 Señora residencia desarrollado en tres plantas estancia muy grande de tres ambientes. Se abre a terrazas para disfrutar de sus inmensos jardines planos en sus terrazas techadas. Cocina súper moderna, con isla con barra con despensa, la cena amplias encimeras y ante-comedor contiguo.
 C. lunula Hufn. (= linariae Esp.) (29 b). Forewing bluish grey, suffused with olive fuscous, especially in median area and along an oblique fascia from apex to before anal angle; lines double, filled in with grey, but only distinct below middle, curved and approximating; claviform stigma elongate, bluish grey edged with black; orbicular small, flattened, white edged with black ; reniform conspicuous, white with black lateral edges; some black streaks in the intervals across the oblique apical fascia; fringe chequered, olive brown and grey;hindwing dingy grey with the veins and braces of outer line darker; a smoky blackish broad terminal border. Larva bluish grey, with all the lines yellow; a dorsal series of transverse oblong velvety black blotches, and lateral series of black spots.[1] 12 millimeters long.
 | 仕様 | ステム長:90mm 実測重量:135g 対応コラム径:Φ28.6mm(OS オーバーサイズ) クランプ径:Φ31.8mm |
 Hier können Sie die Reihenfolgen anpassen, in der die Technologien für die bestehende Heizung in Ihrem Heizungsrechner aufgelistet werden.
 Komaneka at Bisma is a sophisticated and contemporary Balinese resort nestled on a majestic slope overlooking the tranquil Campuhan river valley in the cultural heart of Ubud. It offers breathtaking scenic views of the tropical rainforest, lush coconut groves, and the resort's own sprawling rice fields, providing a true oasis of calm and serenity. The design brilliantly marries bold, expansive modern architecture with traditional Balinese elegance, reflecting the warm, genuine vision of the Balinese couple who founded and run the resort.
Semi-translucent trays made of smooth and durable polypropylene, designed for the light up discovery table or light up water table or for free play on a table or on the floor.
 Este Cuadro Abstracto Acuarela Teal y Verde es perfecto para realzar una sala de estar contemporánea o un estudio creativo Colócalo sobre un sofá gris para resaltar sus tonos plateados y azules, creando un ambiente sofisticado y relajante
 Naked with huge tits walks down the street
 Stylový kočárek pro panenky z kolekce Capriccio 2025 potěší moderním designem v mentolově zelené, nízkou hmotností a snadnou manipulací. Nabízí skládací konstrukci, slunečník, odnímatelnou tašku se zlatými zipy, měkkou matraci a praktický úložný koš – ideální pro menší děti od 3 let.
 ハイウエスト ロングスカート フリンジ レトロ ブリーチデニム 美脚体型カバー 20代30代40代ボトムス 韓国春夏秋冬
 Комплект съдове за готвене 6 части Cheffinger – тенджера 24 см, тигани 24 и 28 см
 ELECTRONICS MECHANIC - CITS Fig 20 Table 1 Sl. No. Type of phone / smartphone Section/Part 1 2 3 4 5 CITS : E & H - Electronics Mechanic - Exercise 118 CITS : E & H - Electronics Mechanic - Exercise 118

● YOUR INSTRUCTIONS:
After locating the line with "Komaneka at Bisma" in the records above, please set down that line and all later ones exactly, and no other line.

● TASK SOLUTION:
 Komaneka at Bisma is a sophisticated and contemporary Balinese resort nestled on a majestic slope overlooking the tranquil Campuhan river valley in the cultural heart of Ubud. It offers breathtaking scenic views of the tropical rainforest, lush coconut groves, and the resort's own sprawling rice fields, providing a true oasis of calm and serenity. The design brilliantly marries bold, expansive modern architecture with traditional Balinese elegance, reflecting the warm, genuine vision of the Balinese couple who founded and run the resort.
Semi-translucent trays made of smooth and durable polypropylene, designed for the light up discovery table or light up water table or for free play on a table or on the floor.
 Este Cuadro Abstracto Acuarela Teal y Verde es perfecto para realzar una sala de estar contemporánea o un estudio creativo Colócalo sobre un sofá gris para resaltar sus tonos plateados y azules, creando un ambiente sofisticado y relajante
 Naked with huge tits walks down the street
 Stylový kočárek pro panenky z kolekce Capriccio 2025 potěší moderním designem v mentolově zelené, nízkou hmotností a snadnou manipulací. Nabízí skládací konstrukci, slunečník, odnímatelnou tašku se zlatými zipy, měkkou matraci a praktický úložný koš – ideální pro menší děti od 3 let.
 ハイウエスト ロングスカート フリンジ レトロ ブリーチデニム 美脚体型カバー 20代30代40代ボトムス 韓国春夏秋冬
 Комплект съдове за готвене 6 части Cheffinger – тенджера 24 см, тигани 24 и 28 см
 ELECTRONICS MECHANIC - CITS Fig 20 Table 1 Sl. No. Type of phone / smartphone Section/Part 1 2 3 4 5 CITS : E & H - Electronics Mechanic - Exercise 118 CITS : E & H - Electronics Mechanic - Exercise 118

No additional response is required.